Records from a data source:
=-=-=-=-=

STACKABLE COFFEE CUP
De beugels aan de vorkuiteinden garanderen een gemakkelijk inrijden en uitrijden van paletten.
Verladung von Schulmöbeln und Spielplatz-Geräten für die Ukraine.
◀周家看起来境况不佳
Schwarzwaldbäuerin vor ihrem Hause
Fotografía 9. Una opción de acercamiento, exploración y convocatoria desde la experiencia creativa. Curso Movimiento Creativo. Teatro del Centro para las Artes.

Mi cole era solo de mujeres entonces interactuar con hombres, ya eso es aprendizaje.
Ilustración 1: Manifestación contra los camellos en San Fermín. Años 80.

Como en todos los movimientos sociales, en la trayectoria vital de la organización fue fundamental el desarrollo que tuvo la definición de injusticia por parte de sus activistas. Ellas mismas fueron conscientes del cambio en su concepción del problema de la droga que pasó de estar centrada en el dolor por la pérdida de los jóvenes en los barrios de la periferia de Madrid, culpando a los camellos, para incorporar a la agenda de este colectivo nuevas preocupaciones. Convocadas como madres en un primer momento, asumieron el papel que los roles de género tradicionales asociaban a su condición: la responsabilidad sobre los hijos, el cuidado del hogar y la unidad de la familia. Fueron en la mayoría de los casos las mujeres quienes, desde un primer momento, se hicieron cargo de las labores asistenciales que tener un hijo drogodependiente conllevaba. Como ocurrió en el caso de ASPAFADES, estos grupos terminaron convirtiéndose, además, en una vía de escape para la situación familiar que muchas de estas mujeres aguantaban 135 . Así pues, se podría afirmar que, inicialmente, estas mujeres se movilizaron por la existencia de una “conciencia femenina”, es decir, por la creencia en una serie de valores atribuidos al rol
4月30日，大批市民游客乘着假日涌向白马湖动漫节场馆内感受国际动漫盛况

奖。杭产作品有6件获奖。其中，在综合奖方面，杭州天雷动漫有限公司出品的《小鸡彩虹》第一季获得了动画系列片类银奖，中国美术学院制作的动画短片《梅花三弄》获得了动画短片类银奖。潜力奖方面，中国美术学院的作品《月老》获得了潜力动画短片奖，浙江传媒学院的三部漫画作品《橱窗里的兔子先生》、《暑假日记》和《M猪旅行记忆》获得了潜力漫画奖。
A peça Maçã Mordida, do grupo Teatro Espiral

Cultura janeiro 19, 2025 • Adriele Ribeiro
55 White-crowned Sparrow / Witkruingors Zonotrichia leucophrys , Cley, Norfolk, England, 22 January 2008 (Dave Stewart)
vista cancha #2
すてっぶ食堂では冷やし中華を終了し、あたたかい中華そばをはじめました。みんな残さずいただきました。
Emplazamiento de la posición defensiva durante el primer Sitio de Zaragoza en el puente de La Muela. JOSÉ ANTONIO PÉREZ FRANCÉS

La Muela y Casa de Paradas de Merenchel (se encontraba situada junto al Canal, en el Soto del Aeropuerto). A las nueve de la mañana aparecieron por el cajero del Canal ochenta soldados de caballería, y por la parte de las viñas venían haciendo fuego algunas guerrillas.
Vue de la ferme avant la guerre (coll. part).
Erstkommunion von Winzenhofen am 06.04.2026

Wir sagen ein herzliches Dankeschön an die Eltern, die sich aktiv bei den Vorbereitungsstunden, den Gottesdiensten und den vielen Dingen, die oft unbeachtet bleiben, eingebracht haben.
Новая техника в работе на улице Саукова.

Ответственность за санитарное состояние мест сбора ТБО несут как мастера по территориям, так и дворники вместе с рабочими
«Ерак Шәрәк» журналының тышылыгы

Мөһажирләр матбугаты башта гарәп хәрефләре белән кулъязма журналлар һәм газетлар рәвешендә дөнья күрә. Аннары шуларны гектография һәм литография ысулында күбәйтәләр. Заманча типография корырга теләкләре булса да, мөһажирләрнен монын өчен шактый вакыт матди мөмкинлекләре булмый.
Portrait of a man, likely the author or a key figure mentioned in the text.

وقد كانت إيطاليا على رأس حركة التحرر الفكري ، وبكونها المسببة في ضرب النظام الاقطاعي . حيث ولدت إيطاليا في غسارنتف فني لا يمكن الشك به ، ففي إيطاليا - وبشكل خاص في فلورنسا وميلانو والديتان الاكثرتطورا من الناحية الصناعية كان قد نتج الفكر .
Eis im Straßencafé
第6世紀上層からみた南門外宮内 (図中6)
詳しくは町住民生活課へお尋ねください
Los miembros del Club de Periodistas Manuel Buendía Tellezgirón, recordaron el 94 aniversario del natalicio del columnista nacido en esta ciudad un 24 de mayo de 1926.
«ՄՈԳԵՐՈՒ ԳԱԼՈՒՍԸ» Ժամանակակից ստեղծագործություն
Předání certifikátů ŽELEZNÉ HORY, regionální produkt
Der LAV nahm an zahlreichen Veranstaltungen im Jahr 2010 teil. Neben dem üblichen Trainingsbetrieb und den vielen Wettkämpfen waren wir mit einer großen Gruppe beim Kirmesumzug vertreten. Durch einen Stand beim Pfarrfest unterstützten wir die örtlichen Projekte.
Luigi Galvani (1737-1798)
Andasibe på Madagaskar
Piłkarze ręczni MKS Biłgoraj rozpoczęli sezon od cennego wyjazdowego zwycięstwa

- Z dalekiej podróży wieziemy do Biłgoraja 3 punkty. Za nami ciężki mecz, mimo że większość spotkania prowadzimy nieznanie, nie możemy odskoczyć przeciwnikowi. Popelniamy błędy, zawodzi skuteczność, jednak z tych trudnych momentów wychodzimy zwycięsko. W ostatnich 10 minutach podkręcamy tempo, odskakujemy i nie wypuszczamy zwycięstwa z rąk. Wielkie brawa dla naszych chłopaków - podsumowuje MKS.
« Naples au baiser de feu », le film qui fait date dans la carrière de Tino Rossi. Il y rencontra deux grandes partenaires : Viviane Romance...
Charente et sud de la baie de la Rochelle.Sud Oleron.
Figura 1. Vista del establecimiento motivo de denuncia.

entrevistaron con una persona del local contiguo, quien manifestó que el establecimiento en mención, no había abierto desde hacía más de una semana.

=-=-=-=-=

§ **PROBLEM REQUIREMENTS**:
A word-for-word copy of the lines above from the one with "55 White-crowned Sparrow" through the one with "Emplazamiento de la", inclusive, is the only output wanted.

§ **EXERCISE OUTPUT**:
55 White-crowned Sparrow / Witkruingors Zonotrichia leucophrys , Cley, Norfolk, England, 22 January 2008 (Dave Stewart)
vista cancha #2
すてっぶ食堂では冷やし中華を終了し、あたたかい中華そばをはじめました。みんな残さずいただきました。
Emplazamiento de la posición defensiva durante el primer Sitio de Zaragoza en el puente de La Muela. JOSÉ ANTONIO PÉREZ FRANCÉS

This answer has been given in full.